Britannia Management Ltd directors Craig Myles, of Dunedin, and Roger Bridge, of Christchurch, who manage the Victoria fund, wrote in an investors' update: "We have little control over events from this point forward." At June 30, Messrs Myles and Bridge said the debt to Heartland stood at $8.87 million.
"However, this amount increases on a daily basis as Heartland continues to charge interest [now at penalty rates], as well as their own costs to the sum of the loan," the directors said.
About 150 mainly Dunedin-based investors have lost all their capital in the Victoria fund, estimated at $5 million to more than $8 million, depending on valuation timeframes.
The Victoria fund foundered when manager Britannia Management Ltd switched its investment model from commercial property owning and leasing to developing a light industrial subdivision in Richmond near Nelson.
The Otago Daily Times anonymously received a four-page investor update yesterday, including cover letters from Mr Myles and Mr Bridge, and a financial adviser with NZ Funds Private Wealth Ltd.
The cover letters were dated respectively July 31 and August 1 and are only the second update issued since investors were told of the fund's demise on May 7.
Heartland inherited the loan when it merged with other entities on a Richmond subdivision near Nelson purchased by Victoria for $5.25 million in 2005.
But in April, Heartland declined to roll-over the seven-year-old loan, estimated to be $7.55 million, and demanded full repayment.
Heartland can as of right force a mortgagee sale on the remaining eight of the original 23 sections.
The directors said the completed sub-division had a value of $13 million.
However, it had faced regulatory and construction overruns, "significant" legal fees, interest charges, higher debt levels than anticipated, and loss in land values. It also remains in dispute over the sale of two sections.
The additional costs and land value loss was "well in excess of $1.3 million" at June 30, the directors said.
They "expected" the Richmond subdivision to be taken over by Heartland, which it would sell to recoup its loan.
"[However] our view is that it is unlikely that Heartland will achieve the full value of its loan, let alone realise the full value of the land."
NZ Funds Private Wealth Ltd purchased outright Mr Myles' Myles Planning Ltd in November 2011. After Mr Myles stepped aside as a NZ Fund's director in June, it launched an "in-house review" into the Victoria fund's management. Mr Myles said the update was prepared to address "major themes" brought up by investors' questions since the fund failed, and apologised "for the distress this may have caused you".
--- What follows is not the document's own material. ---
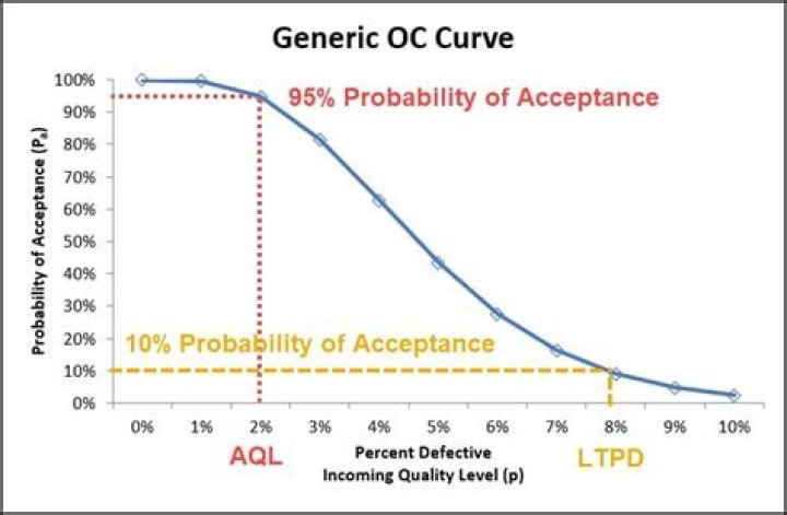 The Operating Characteristic (OC) curve describes the probability of accepting a Lot as a function of the Lots quality (where a Lot is a batch or section of continuous work). As the proportion defective increases, the probability of acceptance of the lot in question decreases.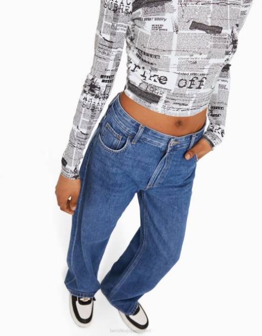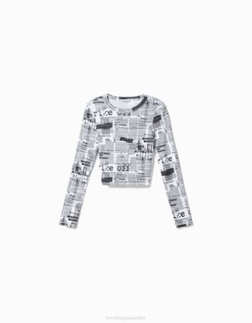 女性 Bershka プリント付き長袖Tシャツ 6044614 衣類 白

"We also recognise that, with the passage of time, communications we have previously provided to you and, indeed, the origins of the Fund itself may not be readily available either to memory or to hand," Mr Myles and Mr Bridge wrote.
The Victoria fund was being wound up in 2007, two properties and a storage facility elsewhere where sold, leaving Richmond as its only asset, with the proceeds to finance its development.
The directors decided not to seek further capital to continue development as Heartland would not "compromise" its priority loan claim position, and therefore further investor capital could not have been protected from Heartland's interests.